Sull’onere della prova è importate aver chiaro l’azione di responsabilità è diversa dall’azione di annullamento atteso che “Ai sensi degli art. 30, 40 e 124, 1 comma, D.Lgs. n. 104/2010, il danneggiato deve infatti offrire la prova dell’an e del quantum del danno che assume di aver sofferto (oltre che della consequenzialità immediata e diretta dello stesso dall’inadempimento e dal ritardo – artt. 2056 e 1223 cod. civ.), poiché nell’azione di responsabilità per danni il principio dispositivo opera con pienezza e non è temperato dal metodo acquisitivo proprio dell’azione di annullamento: quest’ultimo, infatti, si giustifica in quanto sussista la necessità di equilibrare l’asimmetria informativa tra amministrazione e privato che contraddistingue l’esercizio del pubblico potere e il correlato rimedio dell’azione di impugnazione, mentre non si riscontra in quella di risarcimento dei danni, in relazione alla quale il criterio della c.d. vicinanza della prova determina il riespandersi del principio dispositivo sancito in generale dall’art. 2697, comma 1, cod. civ.” (T.A.R. Liguria Genova Sez. II, 19-06-2020, n. 412). Tale concetto è stato ribadito anche dal Consiglio di Giustizia Amministrativa Sicilia secondo cui “Con riferimento alla responsabilità della P.A., l’ingiustizia e la sussistenza stessa del danno non possono in linea di principio presumersi iuris tantum, in meccanica ed esclusiva relazione al ritardo o al silenzio nell’adozione del provvedimento amministrativo, ma il danneggiato deve, ex art. 2697 c.c., provare tutti gli elementi costitutivi della relativa domanda e, in particolare, sia i presupposti di carattere oggettivo (prova del danno e del suo ammontare, ingiustizia dello stesso, nesso causale) sia quelli di carattere soggettivo (dolo o colpa del danneggiante)” (Cons. giust. amm. Sicilia, 09-06-2020, n. 420) e “In tema di responsabilità della responsabilità della P.A., l’art. 2-bis, comma 1, L. n. 241/1990 prevede la possibilità di risarcimento del danno da ritardo (nonché da inerzia dell’amministrazione) nella conclusione del procedimento amministrativo non già come effetto del ritardo in sé e per sé, bensì per il fatto che la condotta inerte o tardiva dell’amministrazione sia stata causa di un danno altrimenti prodottosi nella sfera giuridica del privato che, con la propria istanza, ha dato avvio al procedimento amministrativo” (Cons. giust. amm. Sicilia, 09-06-2020, n. 420).
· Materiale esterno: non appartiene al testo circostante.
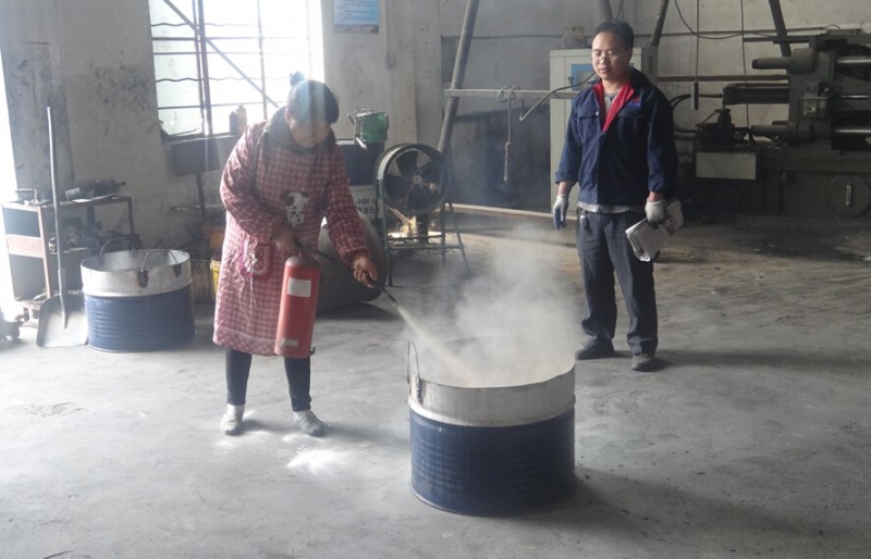 4月22日下午,槍扣車間主任王小峰組織車間全體員工學習關于如何防火的知識.王主任找了一塊空地在一個鐵桶里面點燃了一些廢棄報紙等東西,要求車間員工一一用滅火器進行演練,從如何拔出滅火器上的保險銷以及如何用正確的姿勢去撲滅明火都講解得十分到位。

Per completezza si segnala anche l’orientamento del TAR Campania secondo cui “La fattispecie dell’indennizzo da ritardo nel provvedere della pubblica amministrazione, va nettamente distinta da quella prevista dall’art. 2-bis, comma 1 della Legge n. 241/1990 atteso che mentre il risarcimento presuppone la prova del danno e del comportamento colposo o doloso dell’amministrazione nonché del nesso di causalità, la fattispecie dell’indennizzo da ritardo prescinde dalla dimostrazione dei suddetti elementi, essendo sufficiente il solo superamento del termine di conclusione del procedimento” (T.A.R. Campania Napoli Sez. I, 16-06-2020, n. 2417).